OVERNIGHT HEALTH: Obama: ‘well on our way’ to full implementation
President Obama highlighted his healthcare law Wednesday in a speech on the economy, arguing that it will provide security for middle-class families. The president said he and his administration are “well on our way” to fully implementing the healthcare law — another assurance that new insurance exchanges will be up and running on schedule on Oct. 1.
Obama also highlighted positive news about the cost of insurance in certain states’ exchanges, singling out New York.

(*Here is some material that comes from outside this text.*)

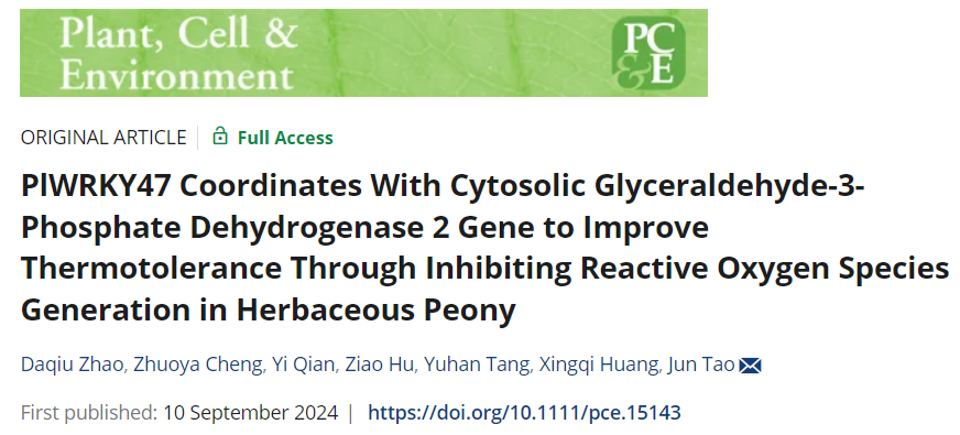 On September 10, the team led by Professor Tao Jun from College of Horticulture and Landscape Architecture published a paper with the title of PlWRKY47 coordinates with cytosolic glyceraldehyde-3-phosphate dehydrogenase 2 gene to improve thermotolerance through inhibiting reactive oxygen species generation in herbaceous peony in Plant, Cell & Environment. This study revealed the molecular mechanism by which the PlWRKY47-PlGAPC2 module inhibits the production of reactive oxygen species ( ROS ) by increasing the content of oxidized nicotinamide adenine dinucleotide ( NAD + ), thereby improving the high temperature resistance of Paeonia lactiflora.

“Now, I know there are folks out there who are actively working to make this law fail,” Obama said. “But despite a politically motivated misinformation campaign, the states that have committed themselves to making this law work are finding that competition and choice are actually pushing costs down.”
Healthwatch has the full story on Obama’s comments.
{mosads}Opposition mounts: Obama’s defense of the healthcare law came on the same day as some bad polling data for the healthcare law. A new poll from CBS News found 54 percent opposition to the Affordable Care Act — the only recent poll in which opposition passed the 50 percent mark. Likewise, support for repeal reached its all-time high in the CBS poll, at 39 percent.
Healthwatch has the story.
PhRMA on top: PhRMA might be the most effective lobby group in Washington, according to a new survey released Wednesday. Consulting giant APCO Worldwide asked more than 450 policy leaders about 50 major trade associations, trimmed down from a larger list of nominees that was submitted by participants. Respondents in the survey generally agreed that PhRMA — the lobby group for the drug industry — excels in crucial areas. Read more details here.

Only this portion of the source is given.